58Auf die seit dem 1. Januar 2022 unter anderem für Rechtsanwälte, Behörden und juristische Personen des öffentlichen Rechts geltende Pflicht zur Übermittlung als elektronisches Dokument nach Maßgabe der §§ 55a, 55d Verwaltungsgerichtsordnung – VwGO – und der Verordnung über die technischen Rahmenbedingungen des elektronischen Rechtsverkehrs und über das besondere elektronische Behördenpostfach (Elektronischer-Rechtsverkehr-Verordnung – ERVV –) wird hingewiesen.
59(3) Gegen den Streitwertbeschluss kann schriftlich oder zur Niederschrift des Urkundsbeamten der Geschäftsstelle bei dem Verwaltungsgericht Düsseldorf (Bastionstraße 39, 40213 Düsseldorf oder Postfach 20 08 60, 40105 Düsseldorf) Beschwerde eingelegt werden, über die das Oberverwaltungsgericht für das Land Nordrhein-Westfalen in Münster entscheidet, falls ihr nicht abgeholfen wird. § 129a der Zivilprozessordnung gilt entsprechend.
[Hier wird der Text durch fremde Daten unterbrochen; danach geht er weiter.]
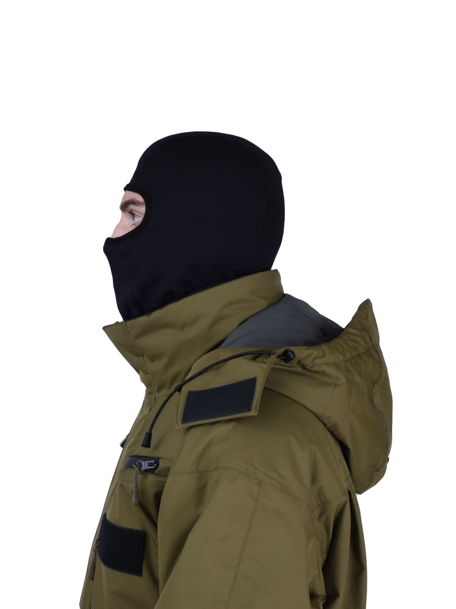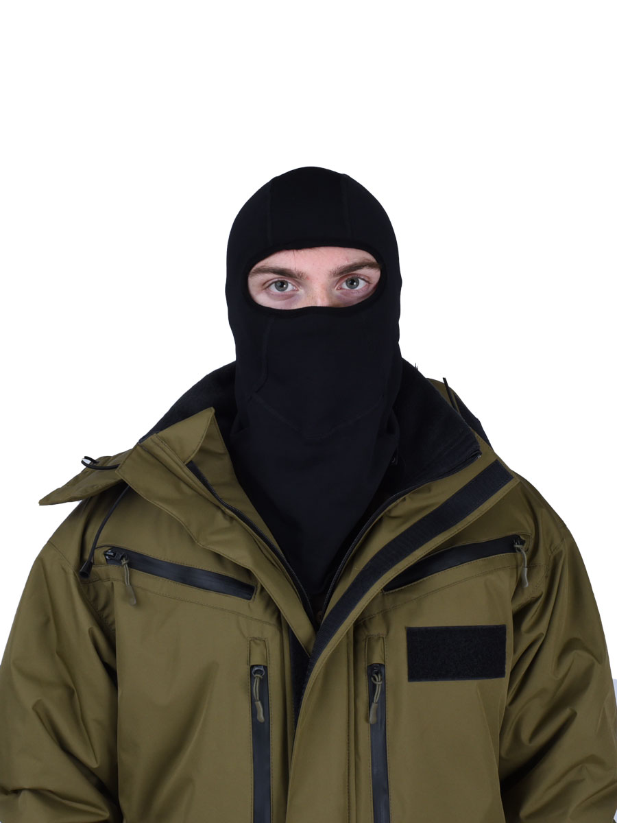 The fabric for the balaclava is composed of two fibrous materials, which are combined to complement each other. Merino wool has a heat-insulating fiber and Cordura polyamide yarn is on the surface to provide abrasion resistance. The 100% merino wool which is against the skin in the garment is a soft 19 Micron strong merino sheep’s wool that does not contain artificial fibers. The seams are flat-lock seams to make the garment comfortable to wear under a helmet or a hat.
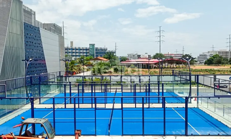 In the city of Luanda, Angola, the construction of 6 panoramic padel courts in accordance with the standards of the International Padel Federation was completed by our teams.
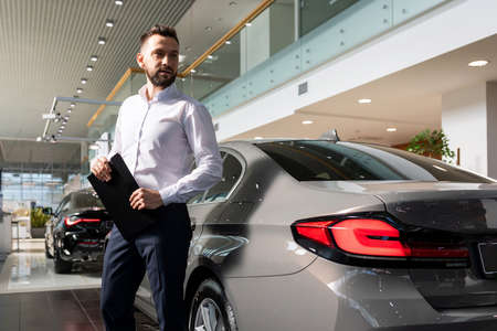 Handsome car dealership worker in suit is holding a folder, looking at camera and smiling while standing near the car

60Auf die seit dem 1. Januar 2022 unter anderem für Rechtsanwälte, Behörden und juristische Personen des öffentlichen Rechts geltende Pflicht zur Übermittlung als elektronisches Dokument nach Maßgabe der §§ 55a, 55d Verwaltungsgerichtsordnung – VwGO – und der Verordnung über die technischen Rahmenbedingungen des elektronischen Rechtsverkehrs und über das besondere elektronische Behördenpostfach (Elektronischer-Rechtsverkehr-Verordnung – ERVV –) wird hingewiesen.
61Die Beschwerde ist nur zulässig, wenn sie innerhalb von sechs Monaten eingelegt wird, nachdem die Entscheidung in der Hauptsache Rechtskraft erlangt oder das Verfahren sich anderweitig erledigt hat; ist der Streitwert später als einen Monat vor Ablauf dieser Frist festgesetzt worden, so kann sie noch innerhalb eines Monats nach Zustellung oder formloser Mitteilung des Festsetzungsbeschlusses eingelegt werden.
62Die Beschwerde ist nicht gegeben, wenn der Wert des Beschwerdegegenstandes 200,-- Euro nicht übersteigt.
63War der Beschwerdeführer ohne sein Verschulden verhindert, die Frist einzuhalten, ist ihm auf Antrag von dem Gericht, das über die Beschwerde zu entscheiden hat, Wiedereinsetzung in den vorigen Stand zu gewähren, wenn er die Beschwerde binnen zwei Wochen nach der Beseitigung des Hindernisses einlegt und die Tatsachen, welche die Wiedereinsetzung begründen, glaubhaft macht. Nach Ablauf eines Jahres, von dem Ende der versäumten Frist angerechnet, kann die Wiedereinsetzung nicht mehr beantragt werden.